This pan Canadian partnership brings together leading Canadian academics and non-governmental actors to contribute to strengthening access to justice for victims of international crimes. Co-led by Fannie Lafontaine (Laval University) and Jayne Stoyles (Canadian Centre for International Justice), it includes 24 team members and 12 partner organizations and is hosted by Laval. The partnership is funded by a 5-year grant from the Social Sciences and Humanities Research Council (SSHRC), and by significant financial and in-kind contributions from every partner organization.
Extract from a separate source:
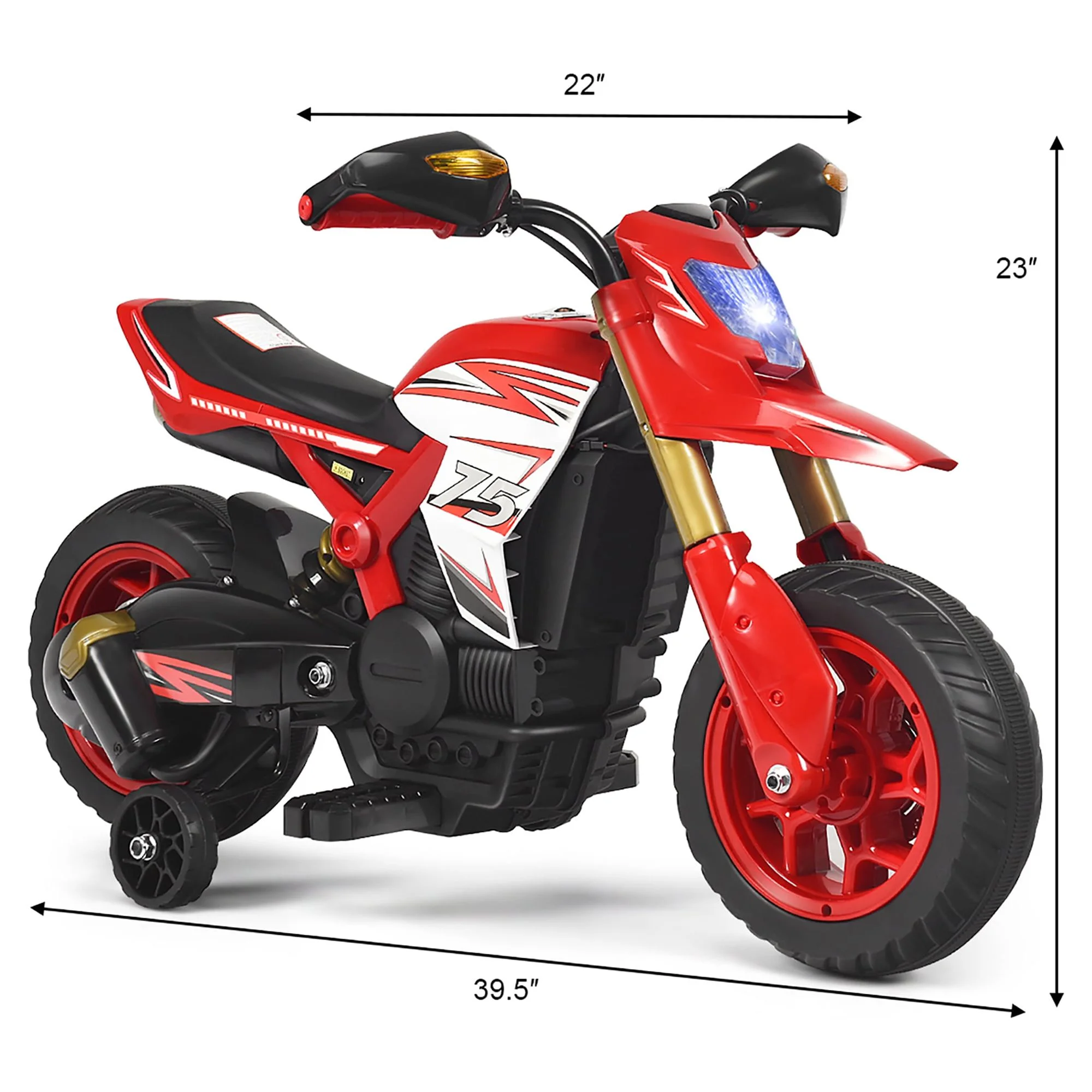 If you are looking for a gift to surprise your dear kids, this battery powered motorcycle will be a perfect choice. Compared with ordinary 2-wheel structure, the motorcycle designed with training wheels is capable of enhancing steadiness during driving, so as to secure your kids. Plus, the wear resistant wheels allow kids to ride on all sorts of ground, indoor or outdoor, to let your kids enjoy the driving time. It also takes the comfortableness during driving into consideration, and curved seat fitting well with kids’ body curve is the best proof. You kids will sooner be skilled in driving this motorcycle as it is fairly easy to operate, which only need to press the forward button on the handle. This cool motorcycle will accompany your kids and create a happy childhood memory. So why you are you still waiting to bring it home? Feature Forward button beside the handle for convenient and simple start Equipped with training wheels to let kids drive with great stability Curved and wide seat for higher comfort Anti-Slip wheels, wear resistant, durable, suitable for different kinds of ground Rechargeable design, longer driving time after a full charge Bright headlight makes more realistic driving experience Cheerful gift for kids, either boys or girls, brighten their daily life Specification Color: Red Material: PP, Iron Overall Dimension: 39.5″X 22″ X 23″ (LXWXH) Charger Output: DC 6V Battery: DC 6V, 4.5 AH Speed: 2.5-3 km/h Net Weight: 17 lbs Weight Capacity: 66 lbs Recommended Age: 3+ Years Package Includes: 1 X Kids Ride On Motorcycle 1 X Charger 1 X User Manual

Explore the list of our team members and partner organizations.
The project is designed to provide cutting-edge research and co-create knowledge about more effective ways to hold individuals, states and corporations accountable for serious international crimes; to create analytical, practical and policy-oriented tools to assist legal practitioners and policy-makers within Canada and globally and increase victims’ access to remedies; to strengthen communication and collaboration among leading Canadian scholars and practitioners; to produce a cohort of students who are educated, trained and networked in this field; and to train and educate diverse Canadian audiences about the history, challenges, pitfalls, potential and priorities for improvement of the system of international justice.
After a surge of enthusiasm in the 1990s for the idea that trying individuals for genocide, crimes against humanity and war crimes in courts of law could deter atrocities, its institutions and norms now face important challenges. This is in part the result of the normalization of international justice, but is also reflective of the effectiveness of those under scrutiny by the International Criminal Court (ICC) in spinning an undermining narrative, as well as missteps and lack of experience by the ICC itself. The consensus that the important goals of international justice remain highly relevant despite these challenges calls for the innovative approach this partnership creates, including a coordinated program of research and enhanced policy input from Canadian experts, which originally fueled the creation of the international justice system.
The project will contribute to the effectiveness of the global effort to hold accountable those responsible for the most serious international crimes, thereby helping to deter these atrocities and contributing to the healing process of victims. It will also enhance Canada’s role as a global leader in this field as the international justice system is being challenged from many quarters.